== DATA FOR PROCESSING
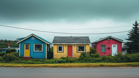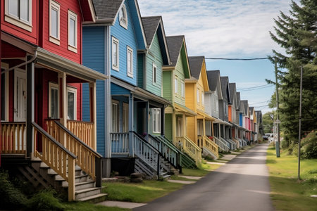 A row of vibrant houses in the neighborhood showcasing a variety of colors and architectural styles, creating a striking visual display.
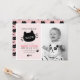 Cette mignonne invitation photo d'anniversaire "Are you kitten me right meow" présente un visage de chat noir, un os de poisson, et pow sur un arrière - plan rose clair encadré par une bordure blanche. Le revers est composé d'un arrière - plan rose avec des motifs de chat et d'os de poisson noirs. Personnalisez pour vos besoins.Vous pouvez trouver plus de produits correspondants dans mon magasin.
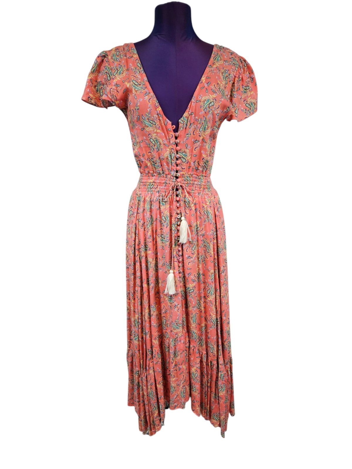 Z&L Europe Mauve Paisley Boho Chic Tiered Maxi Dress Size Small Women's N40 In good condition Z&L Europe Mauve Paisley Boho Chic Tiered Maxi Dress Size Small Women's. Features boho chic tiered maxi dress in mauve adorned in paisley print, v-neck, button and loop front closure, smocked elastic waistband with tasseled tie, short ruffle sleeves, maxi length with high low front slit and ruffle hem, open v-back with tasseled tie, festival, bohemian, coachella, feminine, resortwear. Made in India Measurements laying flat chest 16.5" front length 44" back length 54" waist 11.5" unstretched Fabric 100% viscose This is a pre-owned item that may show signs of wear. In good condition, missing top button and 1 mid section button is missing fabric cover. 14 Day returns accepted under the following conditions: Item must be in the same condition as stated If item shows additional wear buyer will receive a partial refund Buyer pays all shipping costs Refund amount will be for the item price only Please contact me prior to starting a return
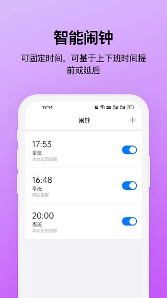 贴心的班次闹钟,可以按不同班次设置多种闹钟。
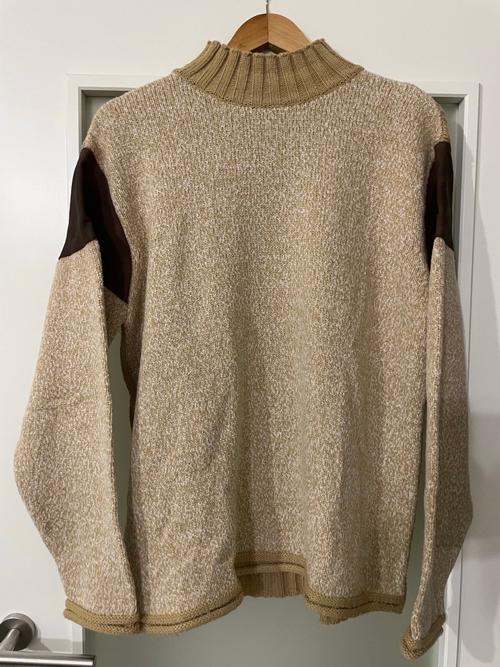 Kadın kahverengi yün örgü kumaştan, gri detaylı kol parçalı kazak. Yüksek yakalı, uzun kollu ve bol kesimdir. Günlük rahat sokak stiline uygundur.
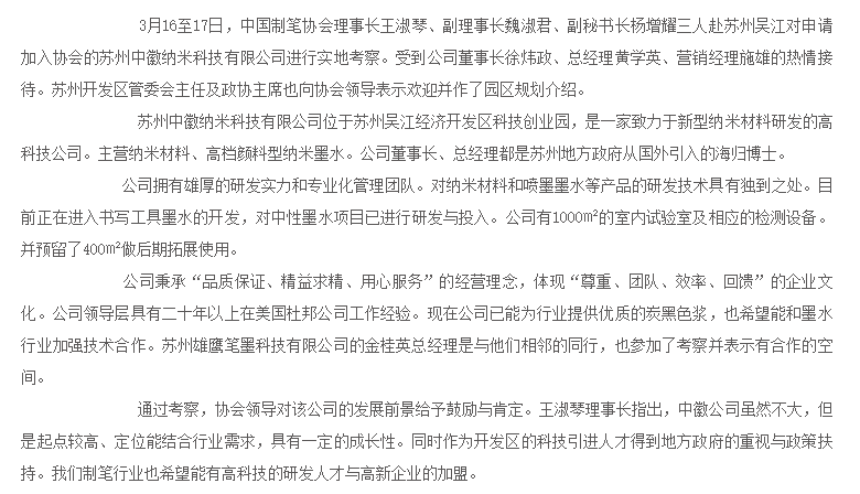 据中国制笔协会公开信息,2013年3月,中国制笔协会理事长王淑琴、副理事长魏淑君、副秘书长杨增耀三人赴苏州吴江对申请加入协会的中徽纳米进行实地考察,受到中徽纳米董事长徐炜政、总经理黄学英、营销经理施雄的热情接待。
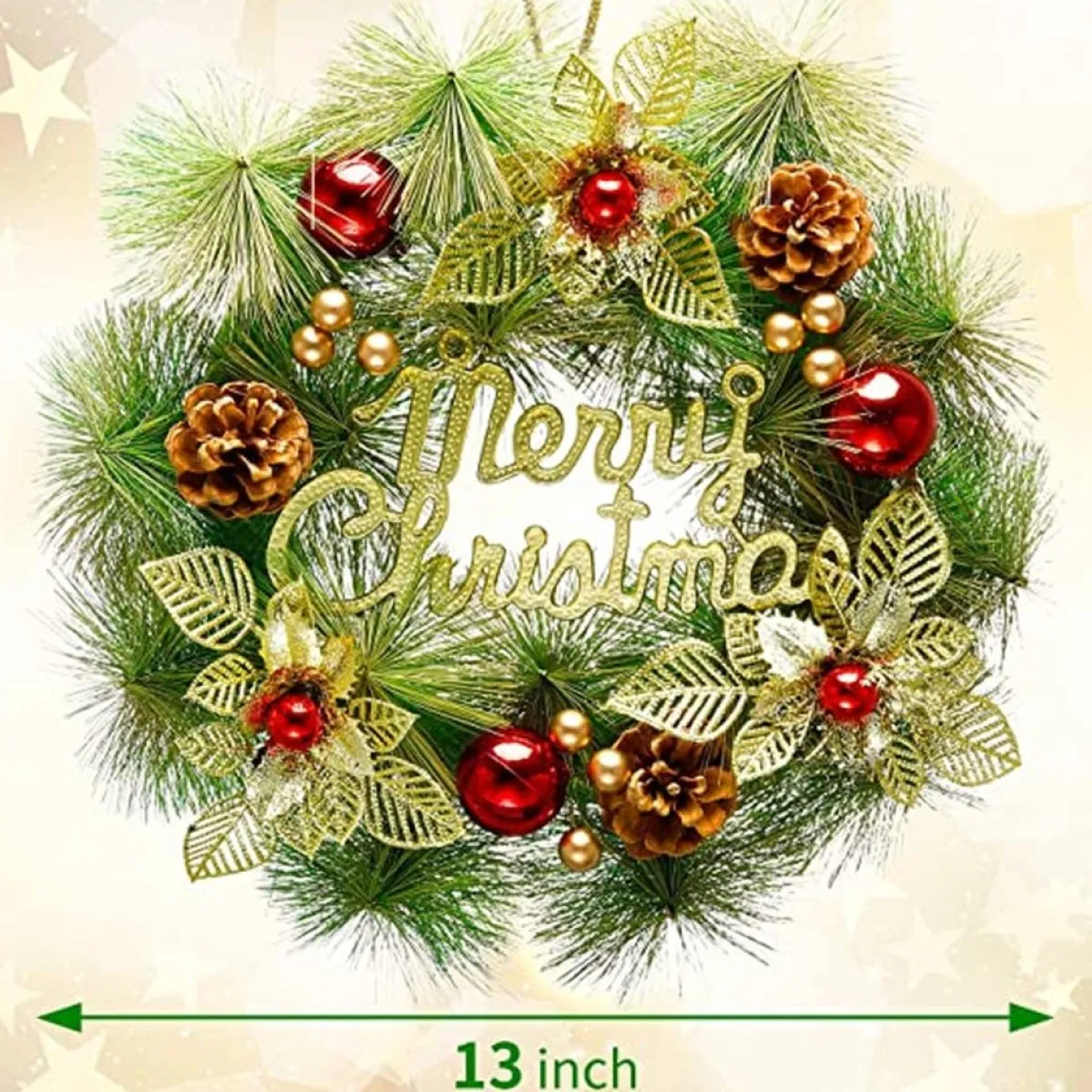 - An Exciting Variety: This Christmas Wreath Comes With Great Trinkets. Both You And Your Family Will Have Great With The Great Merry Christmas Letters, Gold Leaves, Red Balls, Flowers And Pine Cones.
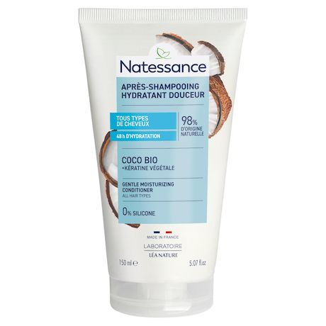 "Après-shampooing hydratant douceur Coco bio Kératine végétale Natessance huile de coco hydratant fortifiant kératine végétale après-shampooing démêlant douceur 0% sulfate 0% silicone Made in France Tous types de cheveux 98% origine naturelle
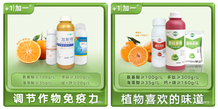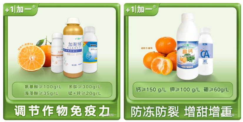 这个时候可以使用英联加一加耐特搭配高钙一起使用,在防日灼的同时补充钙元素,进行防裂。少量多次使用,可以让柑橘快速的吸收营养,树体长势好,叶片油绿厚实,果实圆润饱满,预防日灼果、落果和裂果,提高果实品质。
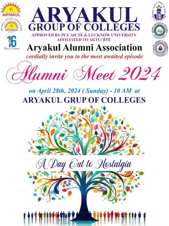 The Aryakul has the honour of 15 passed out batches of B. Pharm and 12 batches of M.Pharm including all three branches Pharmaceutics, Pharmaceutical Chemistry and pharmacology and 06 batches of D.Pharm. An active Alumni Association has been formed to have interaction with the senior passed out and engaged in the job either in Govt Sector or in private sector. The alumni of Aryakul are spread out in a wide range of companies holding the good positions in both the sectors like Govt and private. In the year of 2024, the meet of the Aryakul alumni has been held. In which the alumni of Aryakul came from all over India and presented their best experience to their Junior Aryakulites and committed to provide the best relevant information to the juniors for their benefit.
====
== DATA FOR PROCESSING
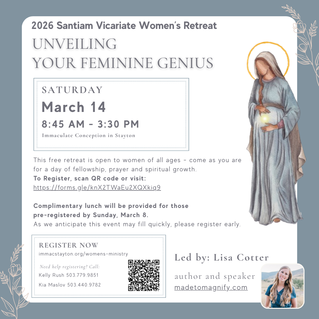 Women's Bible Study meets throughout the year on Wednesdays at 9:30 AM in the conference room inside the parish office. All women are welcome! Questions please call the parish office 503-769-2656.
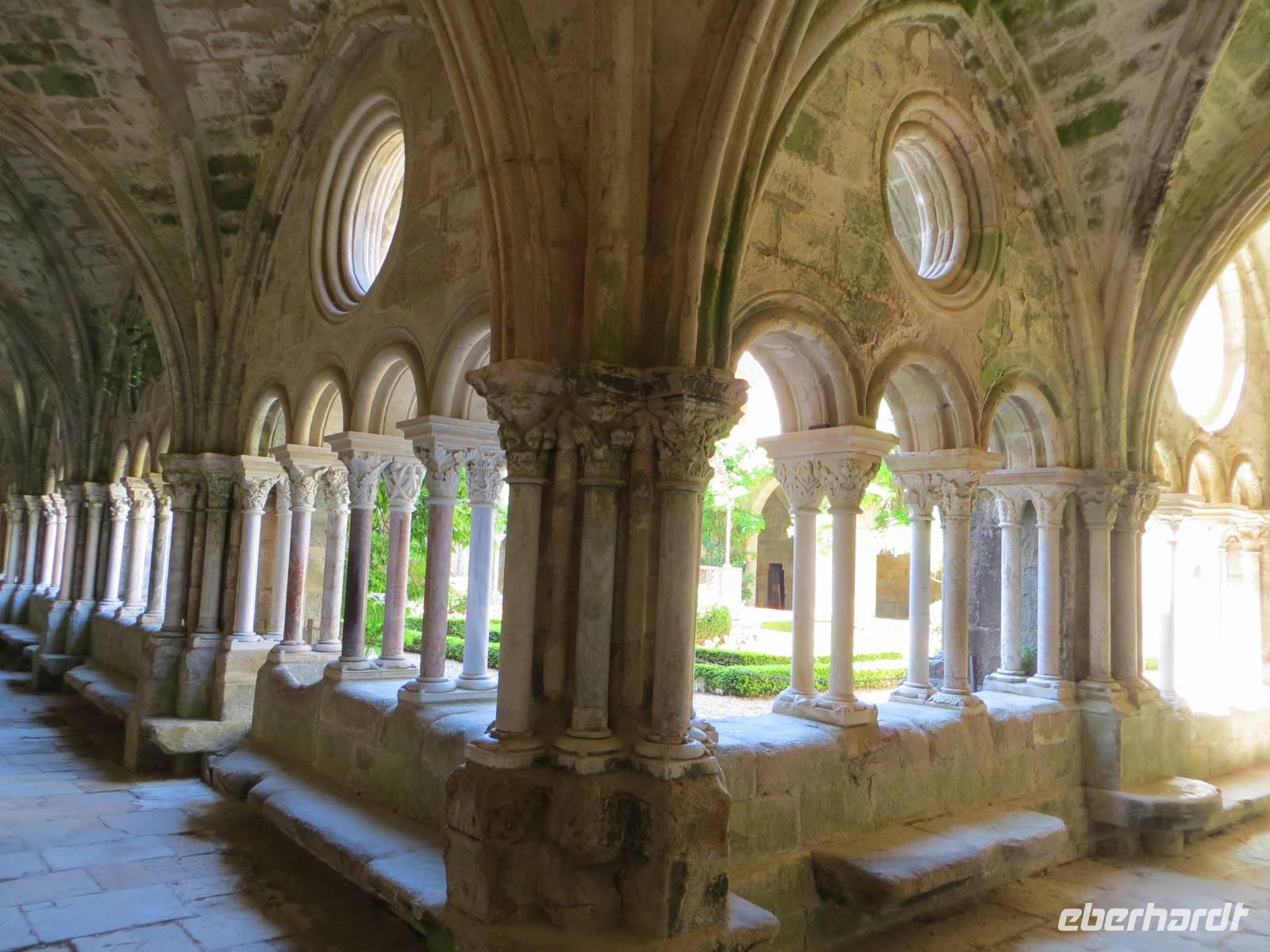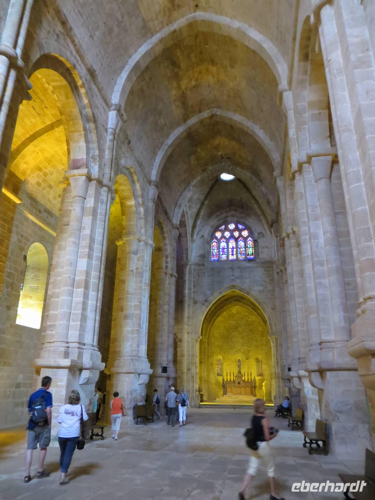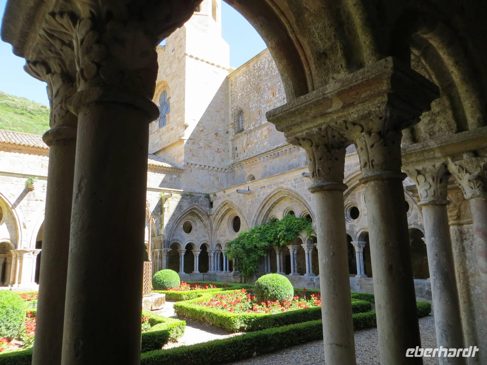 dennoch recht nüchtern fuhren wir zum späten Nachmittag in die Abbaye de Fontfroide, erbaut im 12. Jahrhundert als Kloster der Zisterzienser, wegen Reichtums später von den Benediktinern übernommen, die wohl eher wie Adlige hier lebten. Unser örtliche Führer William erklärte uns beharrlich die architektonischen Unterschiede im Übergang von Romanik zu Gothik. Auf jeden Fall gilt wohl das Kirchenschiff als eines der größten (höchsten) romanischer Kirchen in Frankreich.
====
▶ _THE PROBLEM_
Using the listing above, restate exactly the range between the lines holding "A row of vibrant" and "Cette mignonne invitation", inclusive, with pictures left out.

▶ _ANSWER_
 A row of vibrant houses in the neighborhood showcasing a variety of colors and architectural styles, creating a striking visual display.
 Cette mignonne invitation photo d'anniversaire "Are you kitten me right meow" présente un visage de chat noir, un os de poisson, et pow sur un arrière - plan rose clair encadré par une bordure blanche. Le revers est composé d'un arrière - plan rose avec des motifs de chat et d'os de poisson noirs. Personnalisez pour vos besoins.Vous pouvez trouver plus de produits correspondants dans mon magasin.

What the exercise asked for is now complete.